Runs take 3–15 minutes. discover() polls automatically and logs progress — queue position, estimated wait, current pipeline step, and ETA. For background runs, see Running asynchronously.

Full Python SDK reference · Example notebook


What you get back

Each Pattern in result.patterns looks like this (real output from a crop yield dataset):

python
Pattern(
    description="When humidity is between 72–89% AND wind speed is below 12 km/h, "
                "crop yield increases by 34% above the dataset average",
    conditions=[
        {"type": "continuous", "feature": "humidity_pct",
         "min_value": 72.0, "max_value": 89.0},
        {"type": "continuous", "feature": "wind_speed_kmh",
         "min_value": 0.0, "max_value": 12.0},
    ],
    p_value=0.003,              # FDR-corrected
    novelty_type="novel",
    novelty_explanation="Published studies examine humidity and wind speed as independent "
                        "predictors, but this interaction effect — where low wind amplifies "
                        "the benefit of high humidity within a specific range — has not been "
                        "reported in the literature.",
    citations=[
        {"title": "Effects of relative humidity on cereal crop productivity",
         "authors": ["Zhang, L.", "Wang, H."], "year": "2021",
         "journal": "Journal of Agricultural Science"},
    ],
    target_change_direction="max",
    abs_target_change=0.34,     # 34% increase
    support_count=847,          # rows matching this pattern
    support_percentage=16.9,
)

Key things to notice:

  • Patterns are combinations of conditions — humidity AND wind speed together, not just "more humidity is better"
  • Specific thresholds — 72–89%, not a vague correlation
  • Novel vs confirmatory — every pattern is classified; confirmatory ones validate known science, novel ones are what you came for
  • Citations — shows what IS known, so you can see what's genuinely new
  • report_url links to an interactive web report with all patterns visualised

The result.summary gives an LLM-generated narrative overview:

python
result.summary.overview
# "Disco identified 14 statistically significant patterns. 5 are novel.
#  The strongest driver is a previously unreported interaction between humidity
#  and wind speed at specific thresholds."

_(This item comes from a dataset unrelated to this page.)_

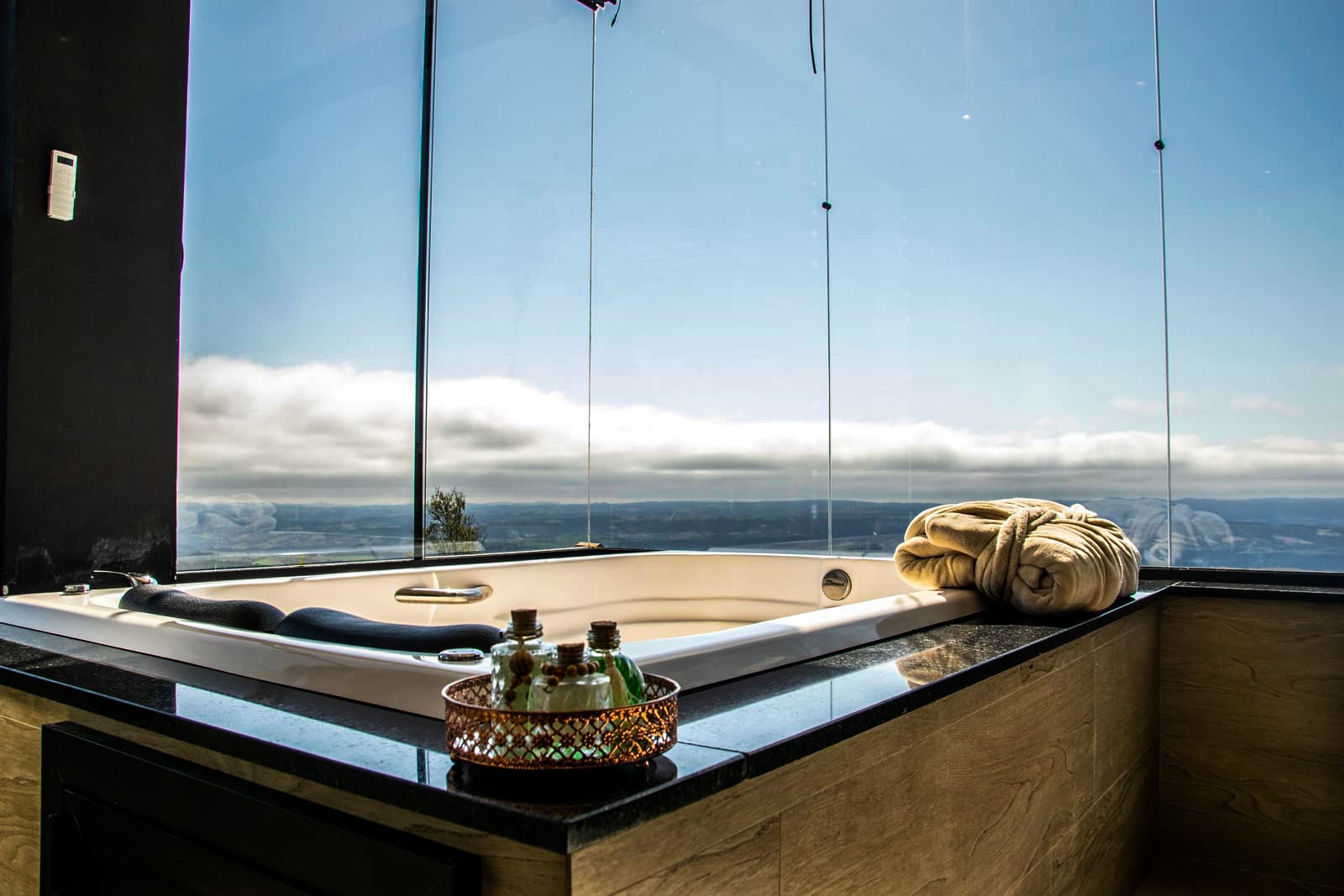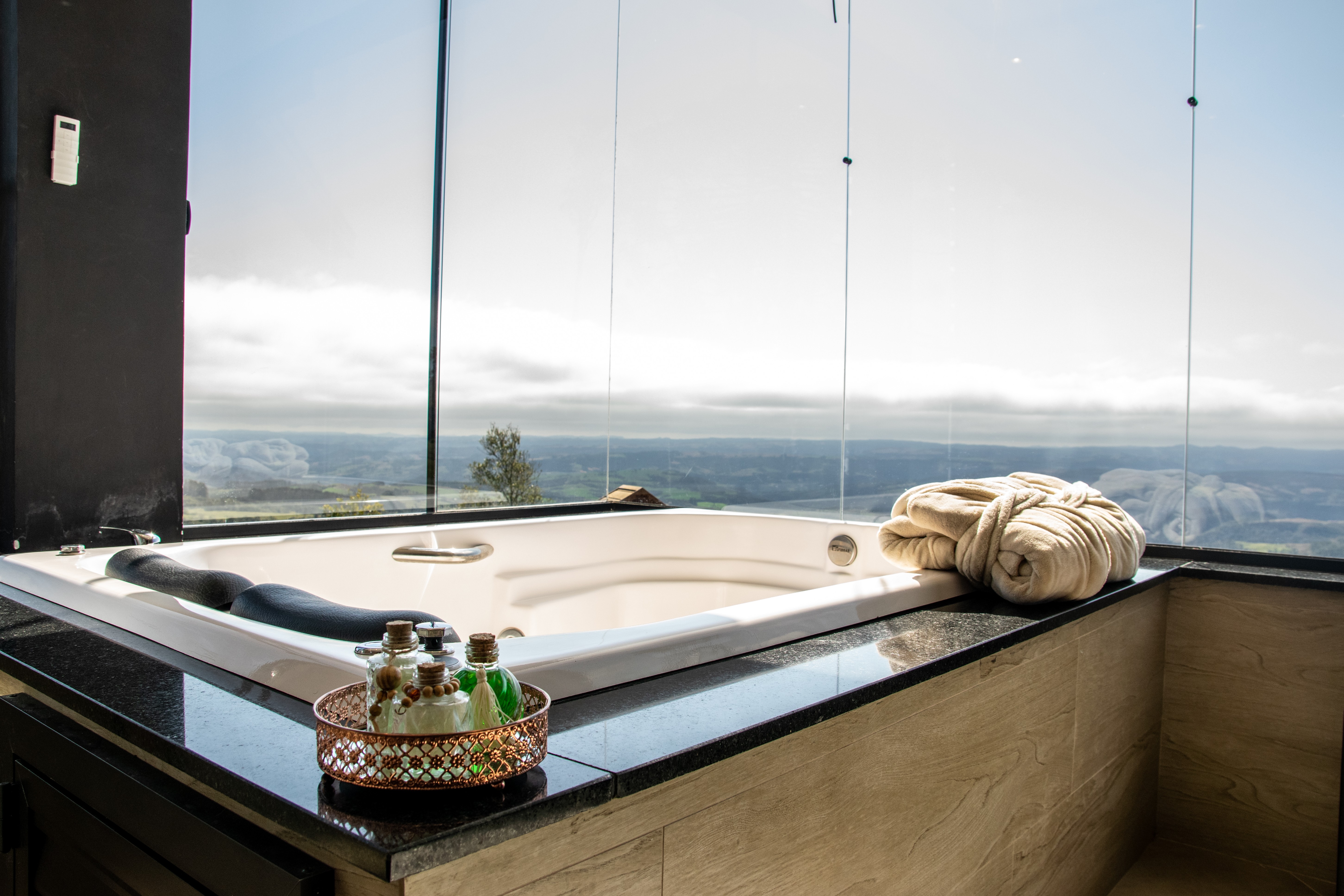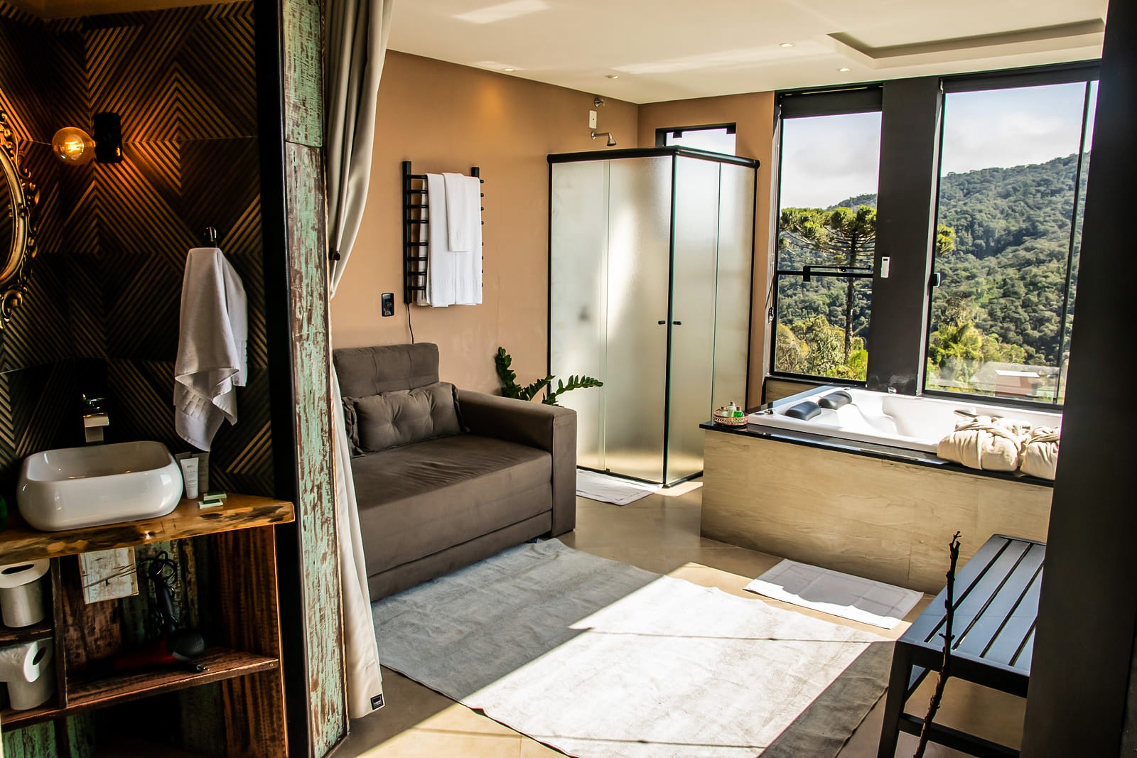 Desfrute da Cabana Estrela, um equilíbrio entre design moderno e aconchego rústico. Ideal para 2 pessoas, com sala conjugada, sofá, lareira, cama, cozinha e hidromassagem. Destaque para a cama que se estende até a varanda. Paredes de vidro oferecem uma vista incrível. Varanda em deck para fotos. Cozinha completa com churrasqueira.

result.summary.key_insights
# ["Humidity × low wind speed at 72–89% humidity produces a 34% yield increase — novel.",
#  "Soil nitrogen above 45 mg/kg shows diminishing returns when phosphorus is below 12 mg/kg.",
#  ...]

How it works

Disco is a pipeline, not prompt engineering over data. It:

  1. Trains machine learning models on a subset of your data
  2. Uses interpretability techniques to extract learned patterns
  3. Validates every pattern on the held-out data with FDR correction (Benjamini-Hochberg)
  4. Checks surviving patterns against academic literature via semantic search

You cannot replicate this by writing pandas code or asking an LLM to look at a CSV. It finds structure that hypothesis-driven analysis misses because it doesn't start with hypotheses.


Preparing your data

Before running, exclude columns that would produce meaningless findings. Disco finds statistically real patterns — but if the input includes columns that are definitionally related to the target, the patterns will be tautological.

Exclude:

  1. Identifiers — row IDs, UUIDs, patient IDs, sample codes
  2. Data leakage — the target renamed or reformatted (e.g., diagnosis_text when the target is diagnosis_code)
  3. Tautological columns — alternative encodings of the same construct as the target. If target is serious, then serious_outcome, not_serious, death are all part of the same classification. If target is profit, then revenue and cost together compose it. If target is a survey index, the sub-items are tautological.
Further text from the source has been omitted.